Ecroulé parterre, dans un désert mexicain, rocheux et poussiéreux. Sous un sombrero, Danger Mouse jouait de la guitare sèche tranquillement, sans trop se soucier de Cee Lo qui se situait au bout du canyon au loin, la tête baissée en train de se parler tout seul (« Just A Thought »). Voulant l’empêcher de tomber dans le précipice, je tentais de m’approcher de lui mais à chaque fois que son chant plaintif arrivait à mes oreilles, un beat à la DJ Shadow provoquait un tremblement de terre et me faisait perdre l’équilibre. Tombant sur mes genoux une Nième fois, le sol se fissura et le monde s’écroula sous mes jambes, et je me suis mis à tomber dans une longue chute vertigineuse, dans le vide noir absolu. Là je pensais en avoir fini, entendant une voix me disant de me lever. Et je me suis levé, cloisonné dans un cercueil ouvert à l’air libre. Debout, la tête au niveau du sol, je cherchais à me dépétrer en m’accrochant à la terre quand une main se tendit vers moi. Je relevais la tête et vit un spectre sous une capuche, un « Necromancer ». Je saisis tout de même la main sans trop réfléchir et me suis retrouvé sous une pleine lune grimaçante, dans un cimetière bien glauque et extravagant digne d’un film de Tim Burton. Je reconnûs encore Cee Lo à travers sa silhouette imposante. Il n’y avait pas de nom sur la pierre tombale en dessous de laquelle j’étais allongé, mais les autres tombes portaient le nom de ses victimes féminines et des autres démons qui le hantent. Il me raccompagna jusqu’aux grilles de l’entrée du cimetière, qui donnait sur une longue autoroute sans fin éclairée par des éclairs d’orage. Sans trop comprendre pourquoi, paniqué, je me mîs à courir le long, pris en chasse par un cyclone (« The Storm Coming »), le même que celui qui s’est dessiné dans ma chambre. Les mouvements du vent m’attirait vers son oeil, jusqu’à ce qu’il m’aspire dans les air. Et là, « The Last Time », générique de fin du film.

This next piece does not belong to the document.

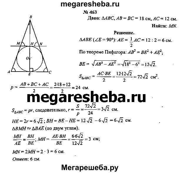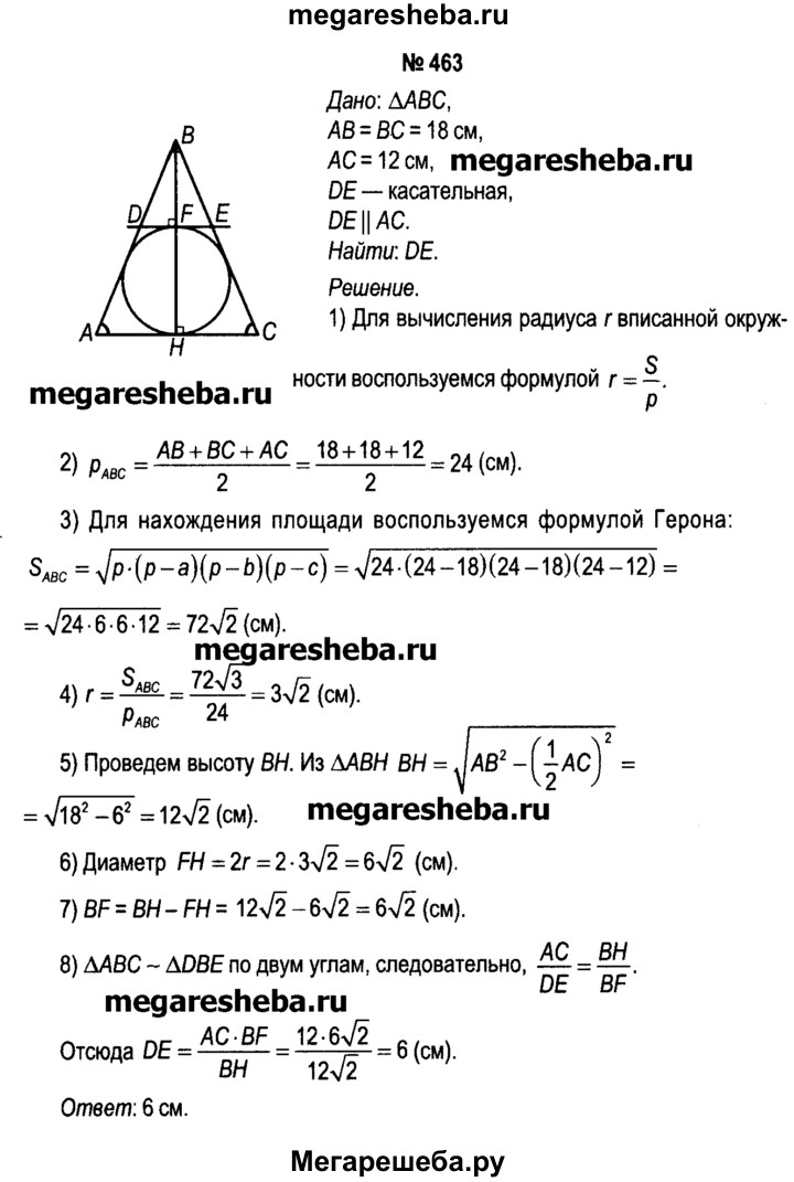 463. В равнобедренный треугольник, длина боковой стороны которого равна 18 см, а длина основания — 12 см, вписана окружность. К ней проведена касательная, параллельная основанию. Вычислите длину отрезка касательной, расположенного внутри треугольника.
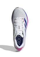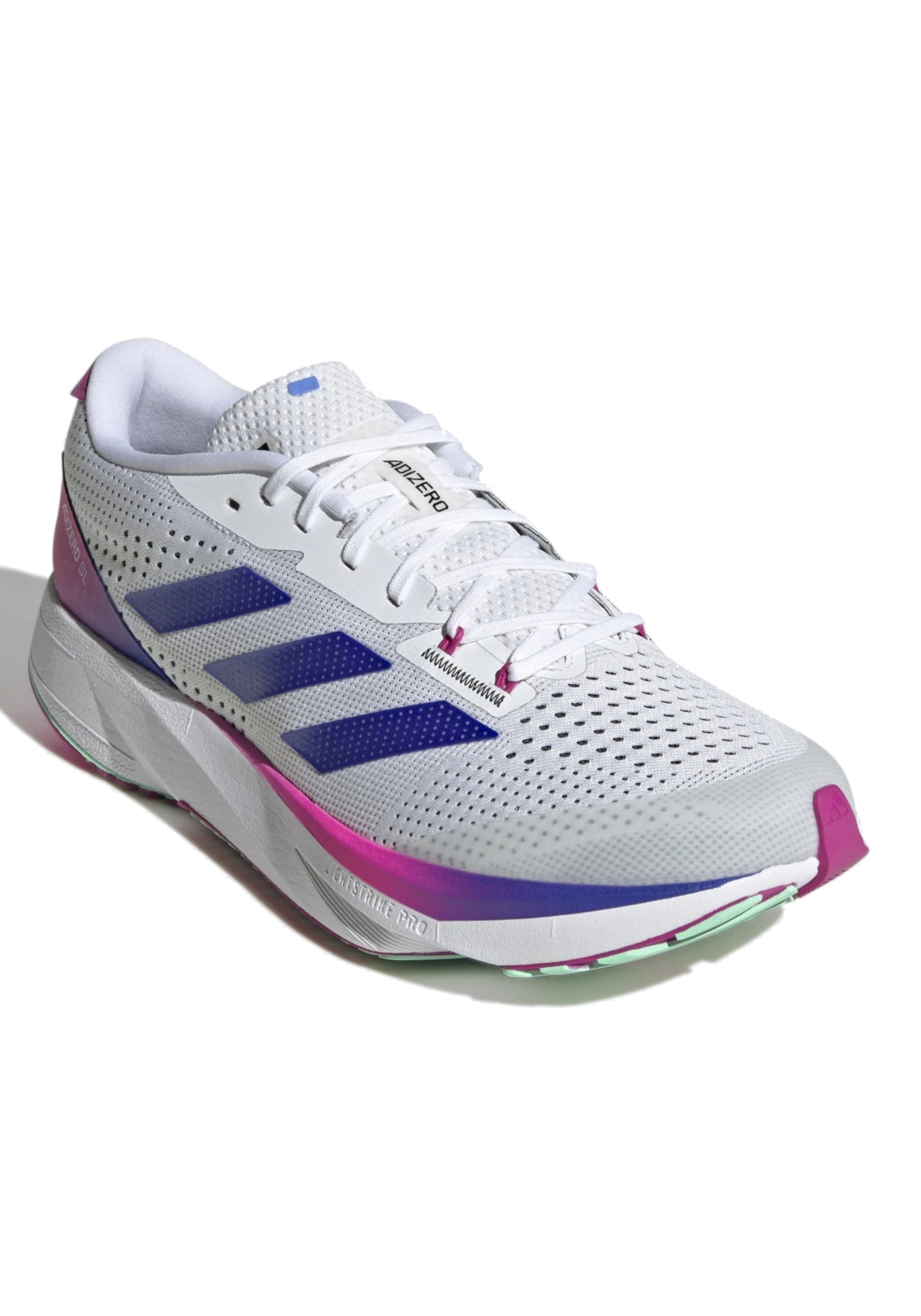 La tomaia tecnica e veloce presenta dettagli in morbidissimo mesh tecnico in punti chiave. Il tallone e la linguetta imbottiti migliorano il comfort e la calzata, mentre la scritta ADIZERO sul tallone completa il look. La suola integrale in gomma assicura il massimo grip su qualsiasi superficie, in ogni condizione. La tomaia è composta per almeno il 50% da materiali riciclati.

Je me réveillai en sursaut et repris doucement mes esprits, respirai un peu. J’étais bien rassuré de me retrouver dans ma piaule, un peu angoissé dans le noir, d’autant plus que ma chaine hi-fi était restée allumée. Cela m’apprendra à écouter en boucle le même disque toute une journée. Unique en son genre. C’est plus que du hip hop, c’est génial.